**WHAT YOU HAVE TO DO**
What must be handed in is the entire listing, exactly as written, with no pictures.

**RECORDS SUPPLIED**
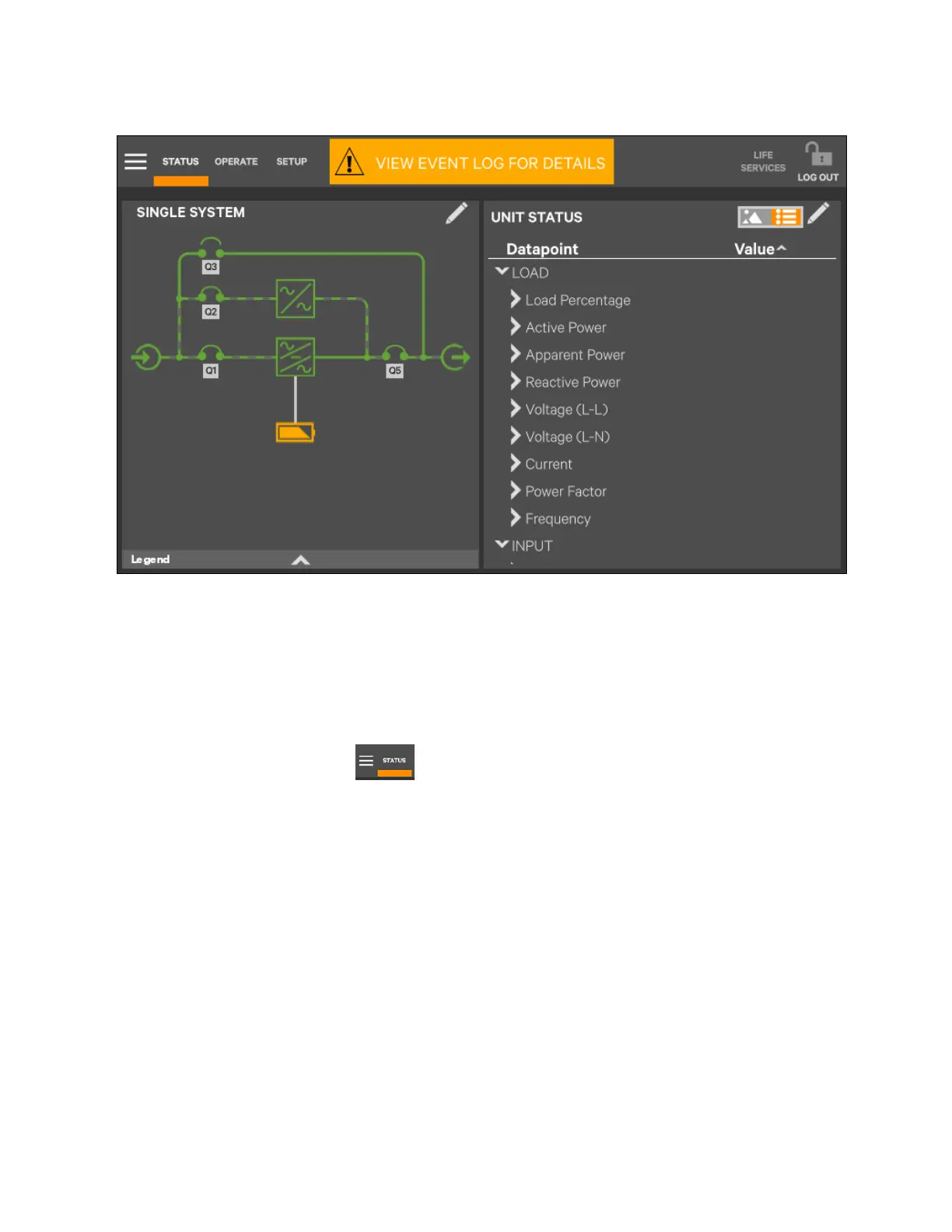 The Context Menu, when opened from the Status pane, permits viewing logs of alarms and events that have occurred on the
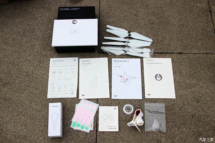 保修卡、说明书、功能介绍卡片、各种颜色的机身贴纸(有橘红、大红、宝蓝、土黄等)、6片桨叶、桨叶保护罩、云台安装专用镊子、手机控制台卡口、一卷白色细绳(固定桨叶保护罩)、配套长短螺丝和内六角小扳手、
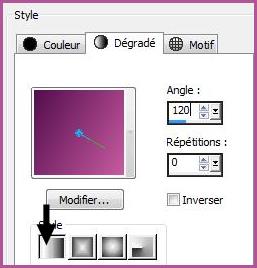 2 - Placer en avant-plan la couleur #550f4f et en arrière-plan la couleur #c75a9fDans la Palette de Style Configurer un dégradé linéaire/ angle: 120°/Répétition : 0
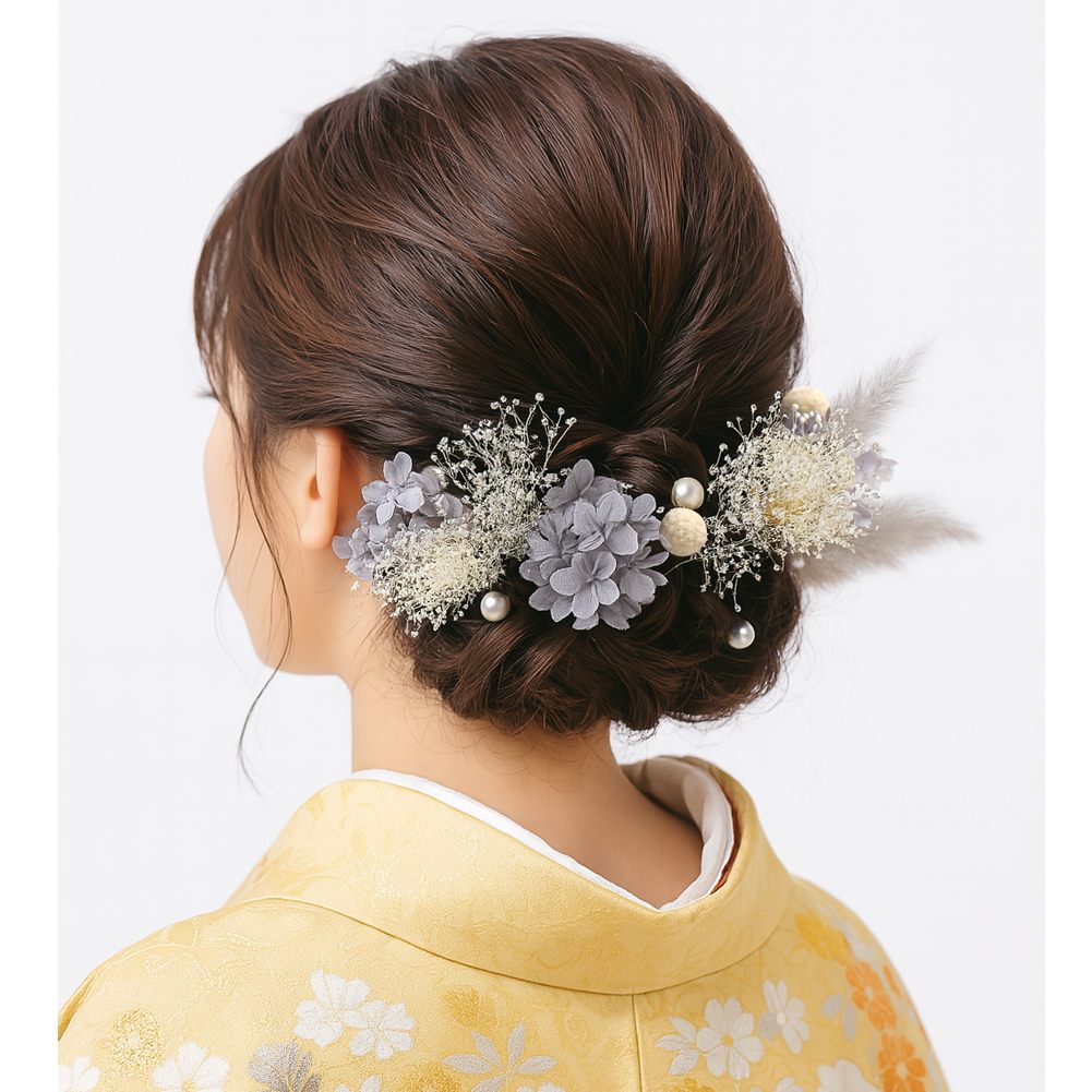 髪飾り 髪かざり アシエ ヘッドパーツ ドライフラワー 和装 着物 ブライダル ウェディング 浴衣 成人式 結婚式 前撮り 卒業式 七五三 ピアノ発表会 ヘアアクセサリー 色打掛 お呼ばれ 振袖 袴 白無垢 ドレス かすみ草 白 シルバー 紫陽花 白 グレー
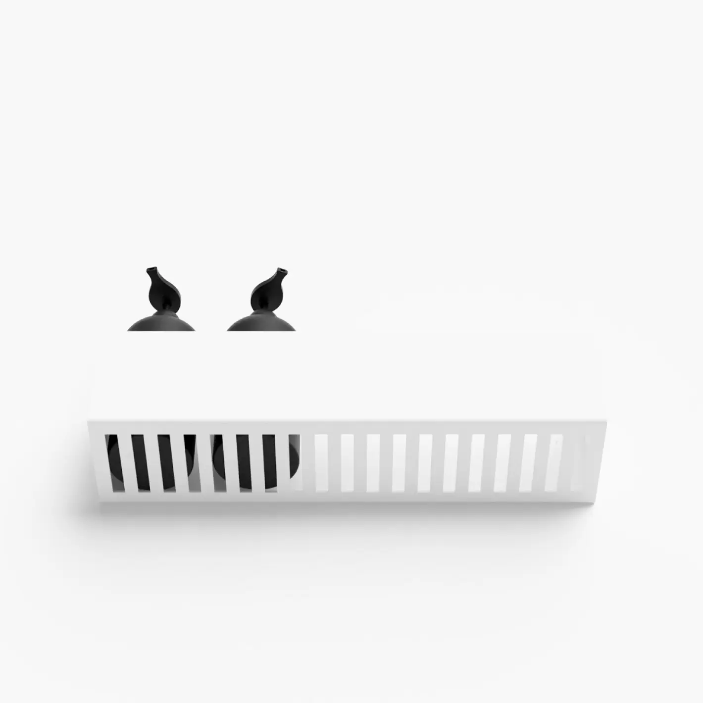 Minimalistisk og elegant opbevaringshylde til shampoo og andre sæber i brusenichen, med åbne riller i bunden så vandet kan løbe fra. Hyldens enkle design er udført i pulverlakeret rustfrit stål, og er udviklet til at kunne klare badeværelsets høje luftfugtighed, uden at materialet tager skade.
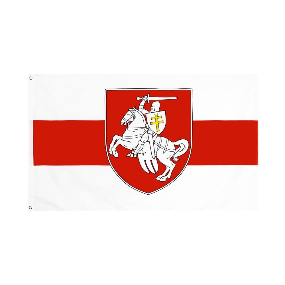 Scopri questa bandiera della Bielorussia rossa e bianca con lo stemma al centro della dimensione 60 x 90 cm. Fabbricata in poliestere resistente, questa bandiera bielorussa è progettata per durare nel tempo. Presenta bellissimi colori vivaci che non mancheranno di attirare l'attenzione. Inoltre, è dotata di due occhielli metallici per un facile sospensione.
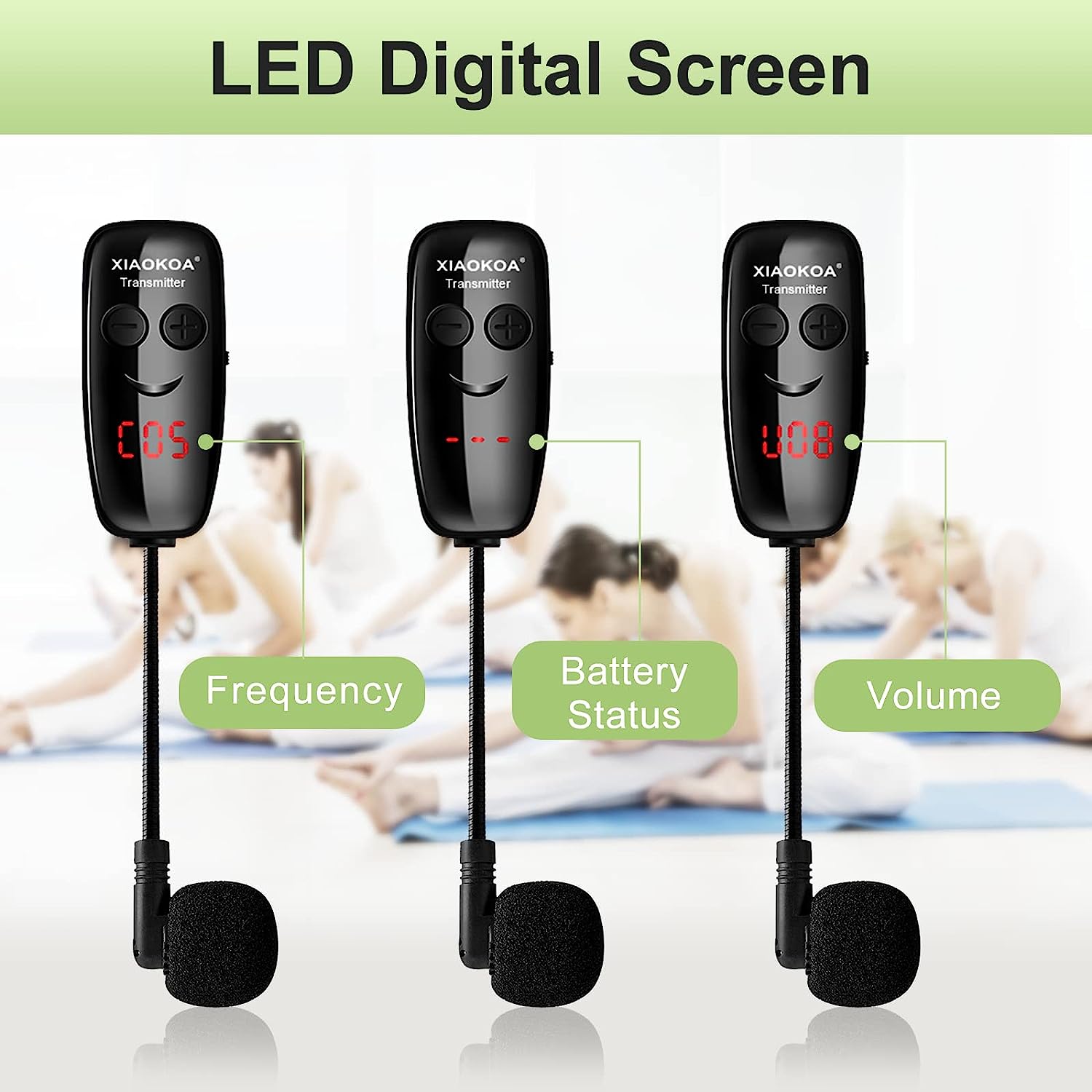 XIAOKOA Head Microphone,Wireless Microphone Headset,LED Digital Display Wireless Mic for Fitness,165FT Range,for Amplifier,Mic Speaker,PA System

**YOUR RESPONSE**
 The Context Menu, when opened from the Status pane, permits viewing logs of alarms and events that have occurred on the
 保修卡、说明书、功能介绍卡片、各种颜色的机身贴纸(有橘红、大红、宝蓝、土黄等)、6片桨叶、桨叶保护罩、云台安装专用镊子、手机控制台卡口、一卷白色细绳(固定桨叶保护罩)、配套长短螺丝和内六角小扳手、
 2 - Placer en avant-plan la couleur #550f4f et en arrière-plan la couleur #c75a9fDans la Palette de Style Configurer un dégradé linéaire/ angle: 120°/Répétition : 0
 髪飾り 髪かざり アシエ ヘッドパーツ ドライフラワー 和装 着物 ブライダル ウェディング 浴衣 成人式 結婚式 前撮り 卒業式 七五三 ピアノ発表会 ヘアアクセサリー 色打掛 お呼ばれ 振袖 袴 白無垢 ドレス かすみ草 白 シルバー 紫陽花 白 グレー
 Minimalistisk og elegant opbevaringshylde til shampoo og andre sæber i brusenichen, med åbne riller i bunden så vandet kan løbe fra. Hyldens enkle design er udført i pulverlakeret rustfrit stål, og er udviklet til at kunne klare badeværelsets høje luftfugtighed, uden at materialet tager skade.
 Scopri questa bandiera della Bielorussia rossa e bianca con lo stemma al centro della dimensione 60 x 90 cm. Fabbricata in poliestere resistente, questa bandiera bielorussa è progettata per durare nel tempo. Presenta bellissimi colori vivaci che non mancheranno di attirare l'attenzione. Inoltre, è dotata di due occhielli metallici per un facile sospensione.
 XIAOKOA Head Microphone,Wireless Microphone Headset,LED Digital Display Wireless Mic for Fitness,165FT Range,for Amplifier,Mic Speaker,PA System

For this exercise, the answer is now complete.